-- RECORDS FOR THIS EXERCISE --

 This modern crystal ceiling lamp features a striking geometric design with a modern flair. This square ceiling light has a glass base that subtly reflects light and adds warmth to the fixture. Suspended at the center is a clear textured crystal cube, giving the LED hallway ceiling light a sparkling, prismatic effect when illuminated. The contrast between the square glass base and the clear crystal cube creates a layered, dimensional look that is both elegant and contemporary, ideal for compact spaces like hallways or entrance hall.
==
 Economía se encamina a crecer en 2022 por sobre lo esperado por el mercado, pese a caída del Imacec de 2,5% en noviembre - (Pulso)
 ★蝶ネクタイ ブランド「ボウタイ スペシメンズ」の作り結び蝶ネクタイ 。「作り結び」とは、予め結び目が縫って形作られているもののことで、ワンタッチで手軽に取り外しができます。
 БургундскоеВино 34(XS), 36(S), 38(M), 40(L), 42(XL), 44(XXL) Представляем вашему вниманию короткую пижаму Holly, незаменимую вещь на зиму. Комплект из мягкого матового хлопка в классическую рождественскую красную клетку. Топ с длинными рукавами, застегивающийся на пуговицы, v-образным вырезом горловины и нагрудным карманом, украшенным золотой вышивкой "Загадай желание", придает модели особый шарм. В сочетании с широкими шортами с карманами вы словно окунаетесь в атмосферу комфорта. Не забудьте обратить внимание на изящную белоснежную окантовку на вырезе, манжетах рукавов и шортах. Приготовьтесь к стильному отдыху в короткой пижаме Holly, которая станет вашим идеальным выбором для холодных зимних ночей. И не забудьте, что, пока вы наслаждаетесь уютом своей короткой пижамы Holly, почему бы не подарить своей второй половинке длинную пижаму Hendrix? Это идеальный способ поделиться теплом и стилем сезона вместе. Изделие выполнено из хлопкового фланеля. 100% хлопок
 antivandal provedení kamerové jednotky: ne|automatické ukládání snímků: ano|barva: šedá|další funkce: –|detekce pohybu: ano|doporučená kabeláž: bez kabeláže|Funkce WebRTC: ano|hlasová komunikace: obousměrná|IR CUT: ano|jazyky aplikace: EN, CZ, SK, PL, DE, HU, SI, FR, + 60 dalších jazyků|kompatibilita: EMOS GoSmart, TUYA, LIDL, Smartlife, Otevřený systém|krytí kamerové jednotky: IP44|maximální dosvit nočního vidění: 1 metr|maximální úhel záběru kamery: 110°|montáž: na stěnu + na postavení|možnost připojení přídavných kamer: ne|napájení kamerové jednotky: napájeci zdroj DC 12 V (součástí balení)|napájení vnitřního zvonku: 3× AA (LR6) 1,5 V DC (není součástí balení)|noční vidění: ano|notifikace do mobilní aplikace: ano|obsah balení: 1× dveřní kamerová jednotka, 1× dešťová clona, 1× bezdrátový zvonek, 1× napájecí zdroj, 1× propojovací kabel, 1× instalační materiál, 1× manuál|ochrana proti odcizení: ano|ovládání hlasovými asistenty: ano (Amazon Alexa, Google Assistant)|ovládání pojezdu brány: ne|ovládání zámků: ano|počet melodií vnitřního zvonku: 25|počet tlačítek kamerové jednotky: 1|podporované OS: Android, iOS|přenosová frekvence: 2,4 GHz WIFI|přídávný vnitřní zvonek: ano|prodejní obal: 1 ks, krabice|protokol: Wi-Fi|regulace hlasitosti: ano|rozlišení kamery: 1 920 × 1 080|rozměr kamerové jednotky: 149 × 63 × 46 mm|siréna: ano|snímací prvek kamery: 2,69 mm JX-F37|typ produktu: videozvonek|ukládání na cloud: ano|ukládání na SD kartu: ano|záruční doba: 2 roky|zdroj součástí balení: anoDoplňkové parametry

-- AIM OF THE EXERCISE --
Out of the material above, output word for word the line with "Economía se encamina", the line with "БургундскоеВино 34(XS), 36(S), 38(M), 40(L), 42(XL), 44(XXL)", and all lines between them, with nothing else.

-- ANSWER SECTION --
 Economía se encamina a crecer en 2022 por sobre lo esperado por el mercado, pese a caída del Imacec de 2,5% en noviembre - (Pulso)
 ★蝶ネクタイ ブランド「ボウタイ スペシメンズ」の作り結び蝶ネクタイ 。「作り結び」とは、予め結び目が縫って形作られているもののことで、ワンタッチで手軽に取り外しができます。
 БургундскоеВино 34(XS), 36(S), 38(M), 40(L), 42(XL), 44(XXL) Представляем вашему вниманию короткую пижаму Holly, незаменимую вещь на зиму. Комплект из мягкого матового хлопка в классическую рождественскую красную клетку. Топ с длинными рукавами, застегивающийся на пуговицы, v-образным вырезом горловины и нагрудным карманом, украшенным золотой вышивкой "Загадай желание", придает модели особый шарм. В сочетании с широкими шортами с карманами вы словно окунаетесь в атмосферу комфорта. Не забудьте обратить внимание на изящную белоснежную окантовку на вырезе, манжетах рукавов и шортах. Приготовьтесь к стильному отдыху в короткой пижаме Holly, которая станет вашим идеальным выбором для холодных зимних ночей. И не забудьте, что, пока вы наслаждаетесь уютом своей короткой пижамы Holly, почему бы не подарить своей второй половинке длинную пижаму Hendrix? Это идеальный способ поделиться теплом и стилем сезона вместе. Изделие выполнено из хлопкового фланеля. 100% хлопок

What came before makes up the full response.